# Att: kernel devs! Usb-fast charge!



## joemagistro

So its cool that we have native call recording support, however one feature I really miss from my nexus is usb fast charge mode... I can't take how slow DC charging is....... Is this possible to accomplish?

Sent from my SGH-T999 using Xparent Blue Tapatalk 2


----------



## RMarkwald

I will note that on the Galaxy Nexus with this enabled, it wouldn't mount MTP right, so you'd have to disable it. Also it seemed that people who had this enabled and used it quite a bit it was killing their phone's USB port.


----------



## jbzcar

RMarkwald said:


> I will note that on the Galaxy Nexus with this enabled, it wouldn't mount MTP right, so you'd have to disable it. Also it seemed that people who had this enabled and used it quite a bit it was killing their phone's USB port.


First part is correct.

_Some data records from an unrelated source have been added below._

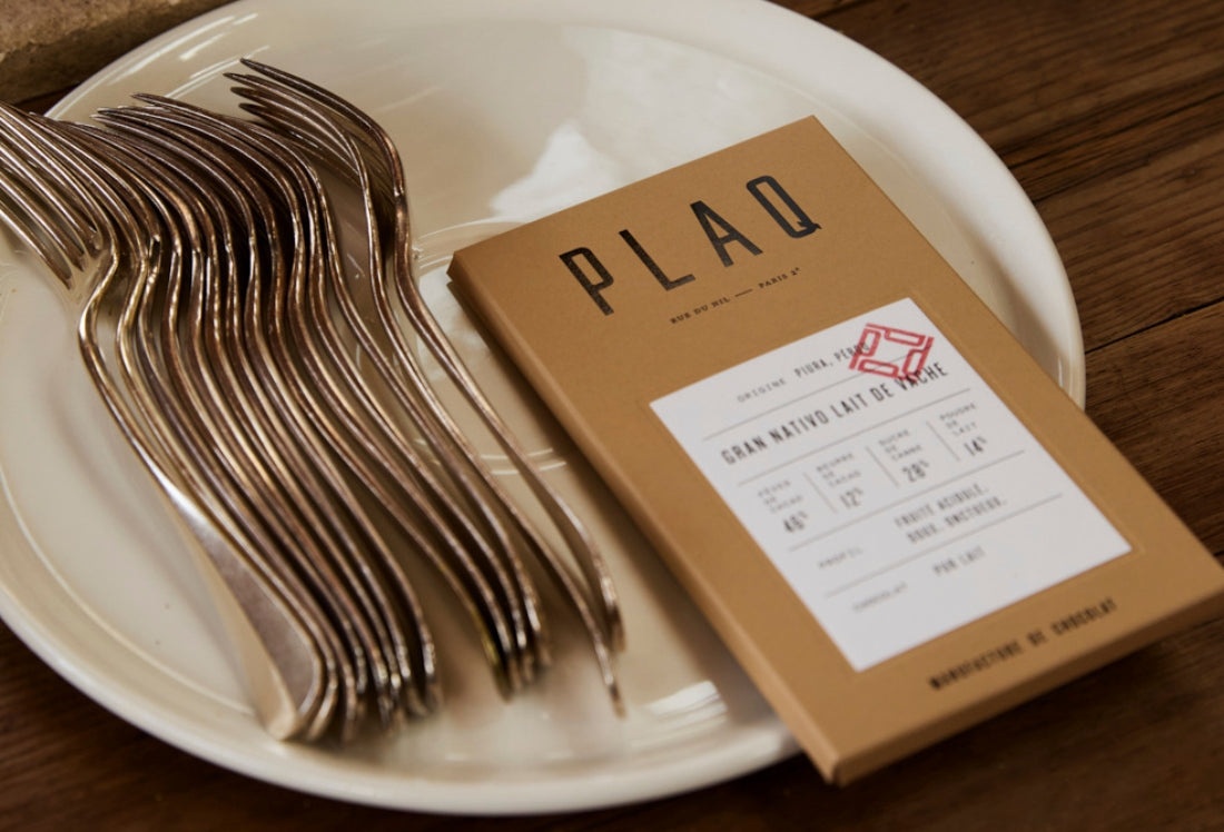 "Plaq est ce qui se fait de mieux en matière de chocolat à Paris actuellement. Des fèves rares, pas de beurre de cacao donc léger, peu de sucre (blond et bio), aucun additif. Un goût pur et unique."
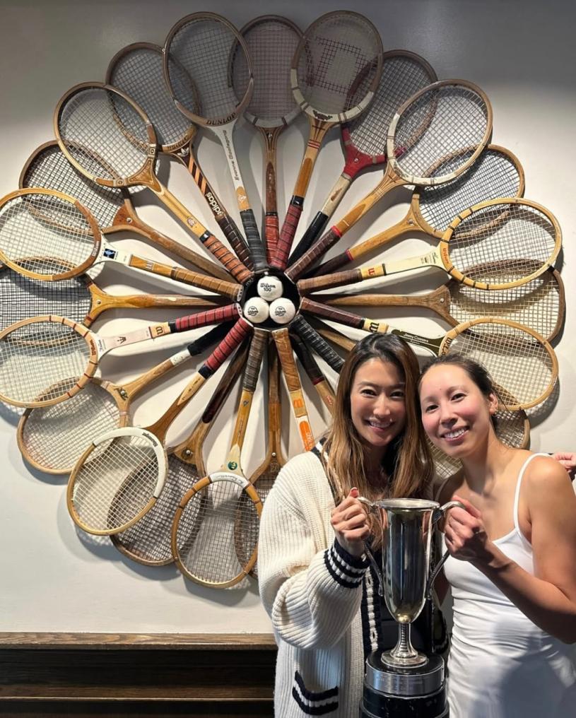 謝婷婷在懷孕24周時與拍檔贏得卑詩大師賽ITF700女子35歲雙打冠軍
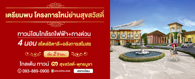 โกลเด้นแลนด์ เปิดให้จองแล้ว โกลเด้น ทาวน์ ๓ สุขสวัสดิ์ - พุทธบูชา (Golden Town ๓ Suksawas - Phutthabucha) เตรียมพบ ทาวน์โฮม โครงการใหม่ ใจกลางเมือง ย่านสุขสวัสดิ์-พุทธบูชา!! เดินทางสะดวกสบาย ใกล้รถไฟฟ้า+ทางด่วน+เซ็นทรัล พร้อมจัดเต็มทุกการอยู่อาศัยในสไตล์อิตาลี กับทาวน์โฮมที่ให้มากถึง 4 ห้องนอน 3 ห้องน้ำ อลังการสโมสร+โรงหนังส่วนตัวราคาเริ่มเพียง 2 ล้านต้น*ผู้ที่สนใจ สามารถลงทะเบียนเพื่อรับสิทธิพิเศษส่วนลดเพิ่ม 10,000 บาท ได้ที่ลิงก์ข้างล่างนี้สอบถามข้อมูลเพิ่มเติม โทร 093-889-0900 เว็บไซต์ www.goldenland.co.th และ Fanpage : https://www.facebook.com/GOLDENLANDRESIDENCEข่าว-โปรโมชั่นล่าสุดอื่นๆ
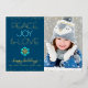 “Peace, joy & love.” A fun, playful, real gold foil and turquoise blue snowflake illustration, real gold foil confetti dots, and real gold foil and turquoise modern typography on a navy blue background, along with the custom photo of your choice, help you usher in the holiday season. A random faux gold foil snowflake pattern overlays turquoise blue on the back. Feel the warmth and joy of the holidays whenever you send this stunning, graphic, personalised photo greeting card. Matching envelopes, stickers, tote bags, wrapping paper, serving trays, home décor, and more are also available. Send this to someone special!
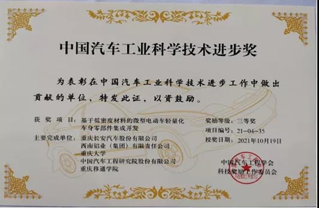 通用技术中国汽研牵头完成的“汽车摩擦异响识别及控制关键技术研究与应用”项目和参与完成的“基于低密度材料的微型电动车轻量化车身零部件集成开发”项目荣获中国汽车工业科学技术进步奖三等奖!
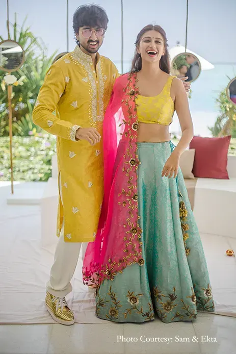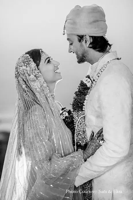 The couple chose the tropical beauty of Maldives to host their pre-wedding festivities as well as their white wedding, while their Hindu wedding was held amidst the lush spaces of Amanzi Resort, Lonavala. Since a destination wedding was on the cards, the couple chose their wedding squad with care. To make sure that not a moment of the revelry was missed, they roped in Sam & Ekta, who captured a plethora of emotions with every shot. From the cheerful haldi ceremony to the extremely romantic vow exchange ceremony by the beach, team Sam & Ekta used their expertise to the fullest in order to give the happy couple a treasure trove of memories to look back on.
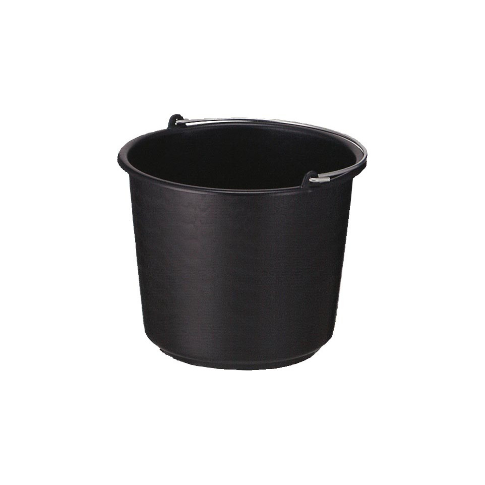 Seau de 12 litres de couleur noire, idéal pour tous types de travaux ménagers ou de nettoyage. Polyvalent, il convient à la collecte d’eau, au transport de liquides ou à la gestion des déchets domestiques.
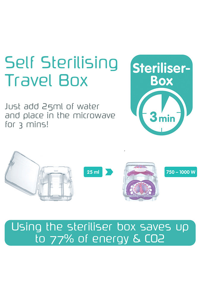 - Self Sterilising travel box makes it easy to clean on the go in 3mins for up to 48hrs
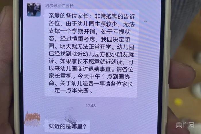 9月10日,南昌市新建区培尔米罗幼儿园在家长群发布通知,称因生源较少,无法支撑一个学期开销,处于亏损状态,决定闭园,并承诺已找到就近幼儿园方便小朋友就读,若不愿意就近就读,将逐一退还后续学费。这一消息让该园34名家长傻了眼。

Never heard of the second problem at all.


----------



## RMarkwald

jbzcar said:


> First part is correct. Never heard of the second problem at all.

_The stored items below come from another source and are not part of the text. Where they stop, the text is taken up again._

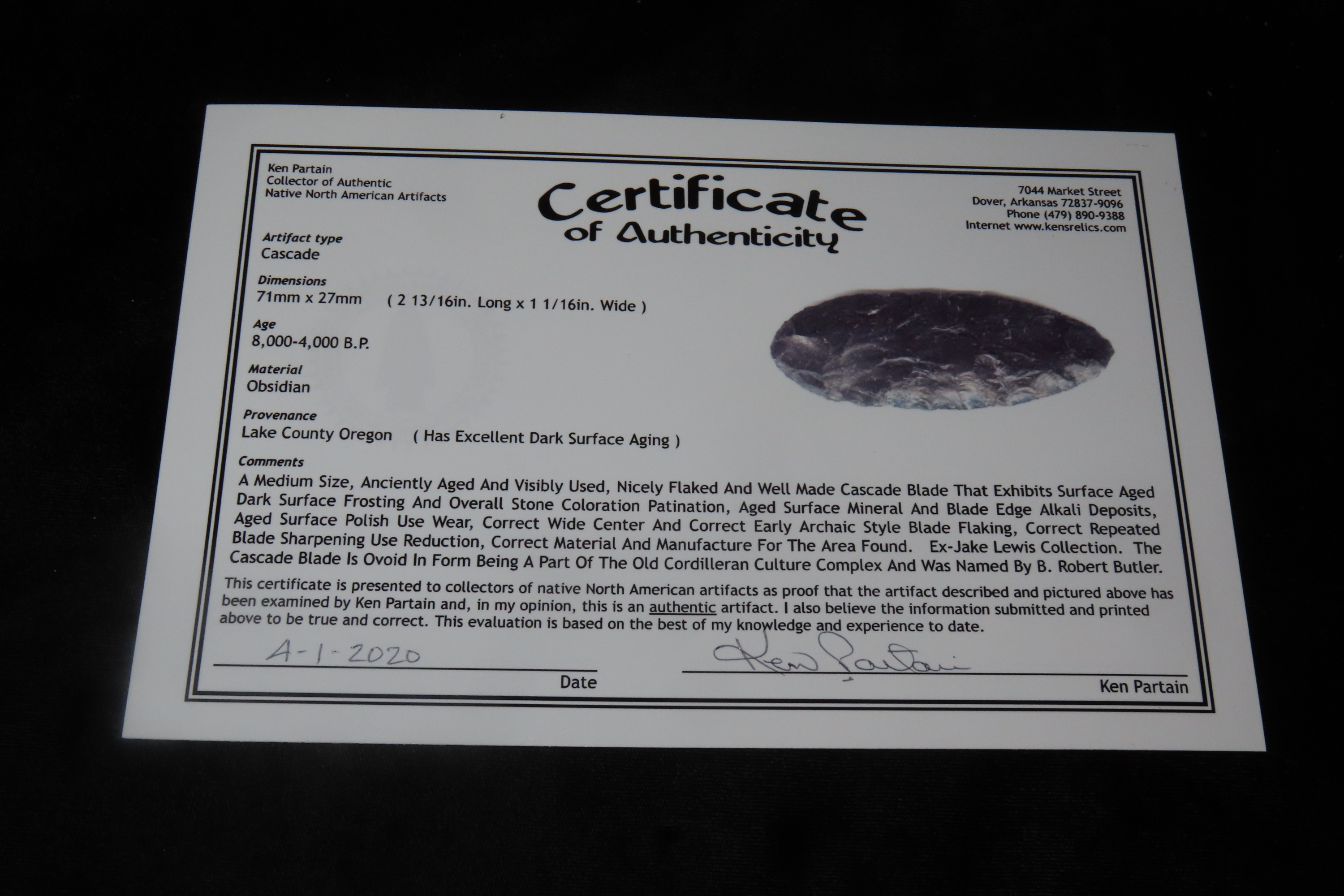 2 13/16″ x 1 1/16″ Cascade, Partain COA, Ex Jake Lewis Collection, Ex James Hinson Collection
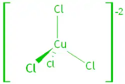 e.g. tetrachlorocuprate (II) and hexaaquacopper (II) ions:
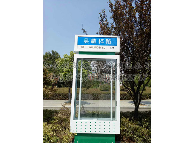 此款路名牌灯箱LMPDX-49主体采用镀锌钢结构,表面采用氟碳金属烤漆工艺,视窗面板采用钢化玻璃,灯箱内置LED灯。具有外形美观、表面耐腐蚀、抗风性能强、使用寿命长等优点。产品的样式、尺寸、颜色、材质、配置等均可按需定制。
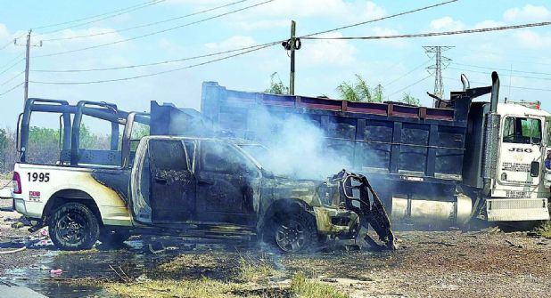 Un camión de volteo, cuyo conductor huyó, se llevó de encuentran a dos patrullas de la Guardia Estatal que circulaban por la Carretera a Anáhuac. Del impactó una de las unidades policiacas estalló en llamas.
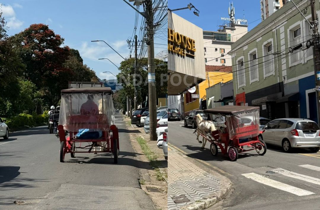 Uma charrete foi flagrada circulando pela Avenida João Pinheiro, em Poços de Caldas, na tarde desta quinta-feira (30), em um trecho onde o tráfego desse tipo de veículo é proibido por decreto municipal. A ocorrência foi registrada por agentes de trânsito após denúncias feitas por moradores.
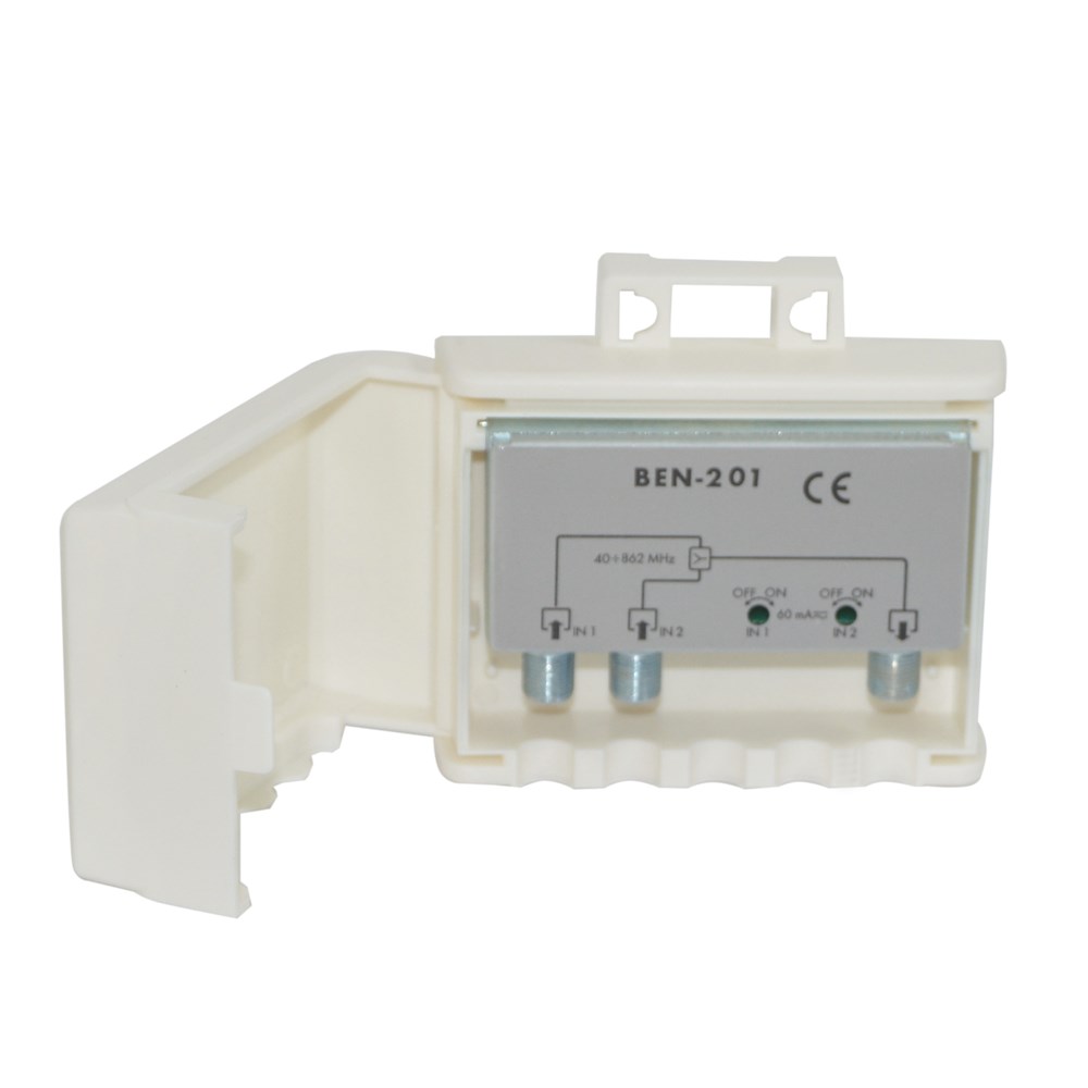 Shperndares sinjali TV BEN 201, 2-hyrje ne 1-dalje, VHF: 40-400 MHz, UHF: 470-862 MHz, 4.5dB humbje, 93 × 94 × 42 mm, IP53

There was a trend for a little bit where users who enabled it seemed to have that issue more than the users who did not. Not wanting to run that risk, I never used it and never had an issue. It may have been completely unrelated, but just seemed odd.


----------



## joemagistro

Never had a problem either... That option is huge for me since I can charge my phone relatively fastttt

Sent from my SGH-T999 using Xparent Blue Tapatalk 2


----------



## afmracer6

Now imoseyon test kernel has force fast charge

Sent from my SCH-I535 using RootzWiki


----------



## joemagistro

damnn... guess im SOL since i dont have verizon! lol


----------



## yarly

it's very possible to fry a faulty is usb port with fast charge enabled. it's why cyanogen didn't add it, despite risk being low.


----------



## joemagistro

yarly said:


> it's very possible to fry a faulty is usb port with fast charge enabled. it's why cyanogen didn't add it, despite risk being low.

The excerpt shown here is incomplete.